La Roma è in procinto di avviare una vera e propria ricostruzione. Tuttavia, senza privarsi dei propri senatori.
La Roma, una delle squadre più seguite del calcio italiano, sta attraversando un periodo di trasformazioni significative. Nonostante i frequenti cambi di allenatori, giocatori e proprietà, i risultati sportivi non hanno subito variazioni sostanziali. Dal 2018/2019, il club non è riuscito a conquistare un posto nella prestigiosa Champions League, rimanendo confinato tra il quinto e il settimo posto in classifica. La situazione attuale del club, guidato da Gian Piero Gasperini, sembra seguire lo stesso andamento, con l’obiettivo di rientrare nell’élite del calcio europeo che appare nuovamente difficile da raggiungere.

Una nuova direzione: la ricostruzione voluta dalla presidenza Friedkin
La famiglia Friedkin, attuale proprietaria del club, ha deciso di intraprendere un percorso di ricostruzione completa all’interno della squadra. Con l’intento di rompere il ciclo di insuccessi, è stato dato l’ordine di mettere sotto esame tutti i giocatori fino alla fine della stagione. Questa decisione potrebbe portare a un significativo rinnovamento del roster nella prossima sessione di calciomercato. L’attenzione è rivolta in particolare al nucleo storico della squadra, che non è riuscito a garantire il ritorno in Champions League. Il club sembra voler puntare su nuovi volti per rilanciare la propria competitività in campo europeo e nazionale.

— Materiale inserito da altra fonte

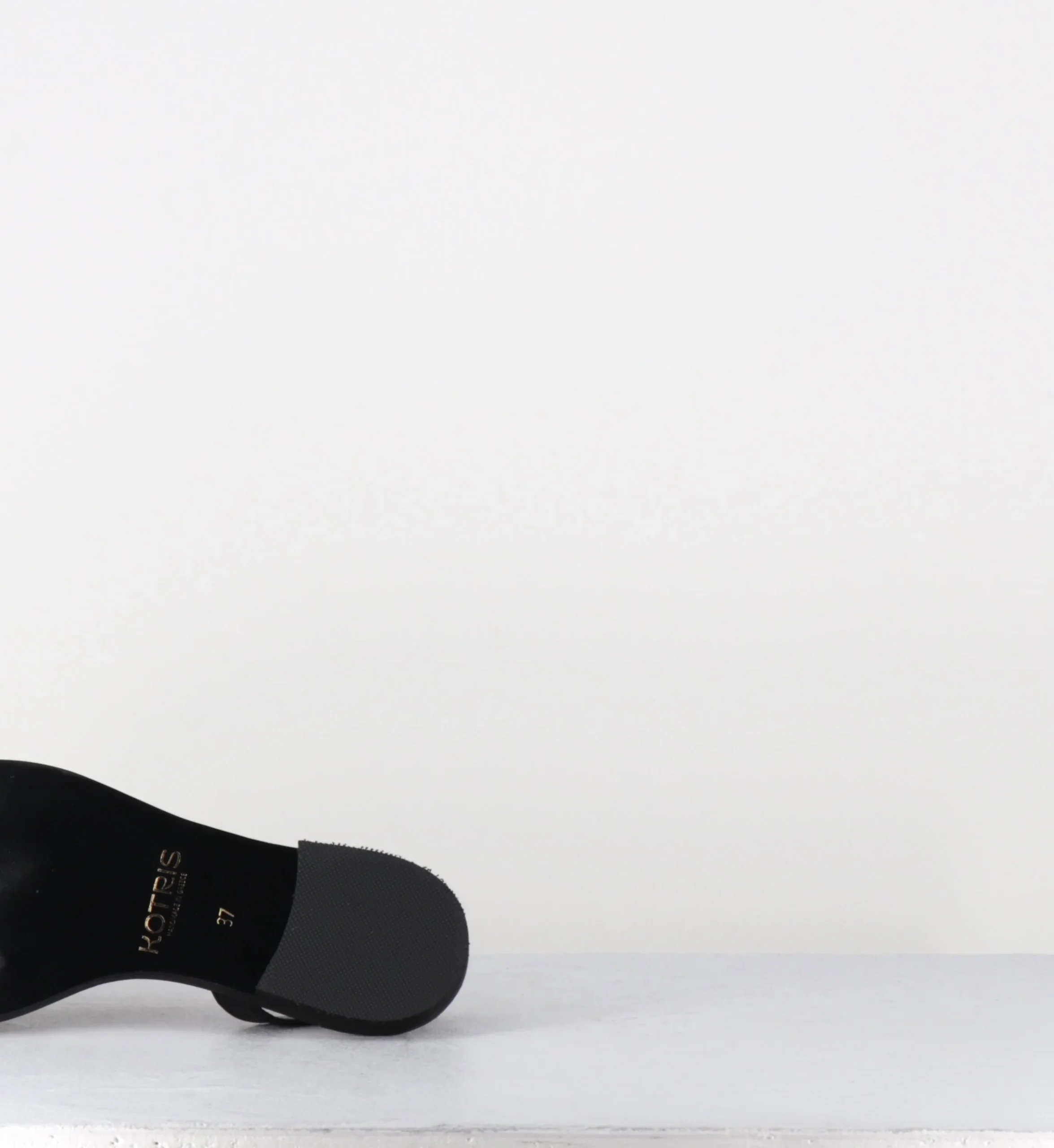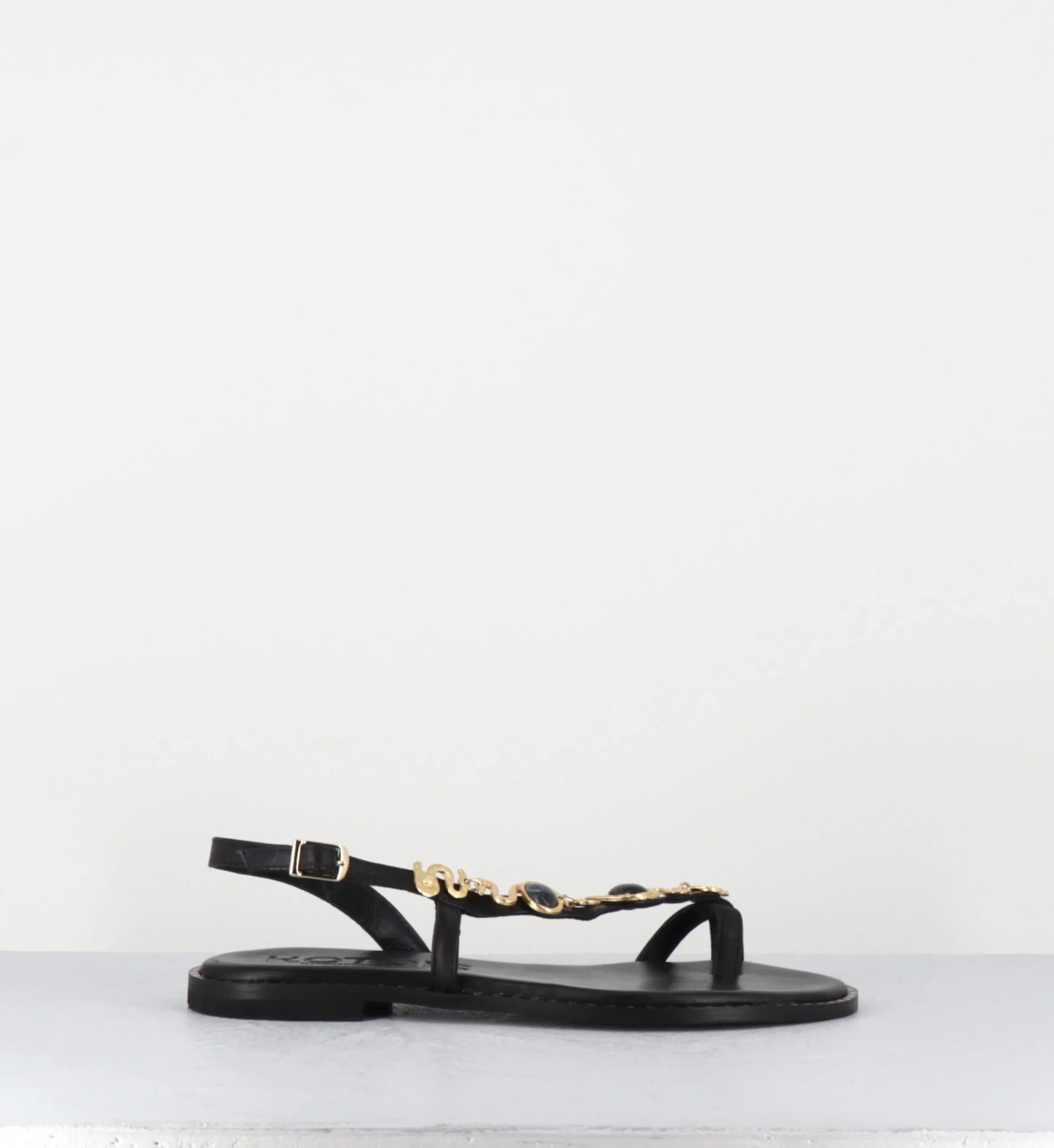 Sandales plates en cuir noir avec bride diagonale ornée d’un bijou doré et de pierres noires, forme tong ‘bague’, montées sur une semelle légère en cuir Fabriqué à la main en Grèce – Ateliers Kotris Chausse normalement

La difesa dei senatori e le sfide immediate
Nonostante la volontà di cambiamento espressa dalla dirigenza, Gian Piero Gasperini ha difeso pubblicamente i giocatori più esperti del suo spogliatoio. “Ho sentito anche, magari, qualche critica: ‘Con alcuni di questo gruppo si arriva fino al quinto o al sesto posto’. Occhio che, se non ci sono questi, magari puoi anche arrivare dodicesimo o tredicesimo come niente”, ha dichiarato Gasperini, sottolineando l’importanza della loro esperienza. Intanto, la squadra deve affrontare nuove sfide, tra cui l’infortunio di Gianluca Mancini, che ha subito una lesione all’adduttore destro e sarà fuori dai giochi per circa 2-3 settimane. Questa assenza rappresenta un ulteriore ostacolo per Gasperini, che dovrà trovare soluzioni per mantenere la solidità difensiva della squadra. Le prossime settimane saranno cruciali per comprendere quale direzione prenderà la Roma e se le strategie della presidenza porteranno i risultati sperati.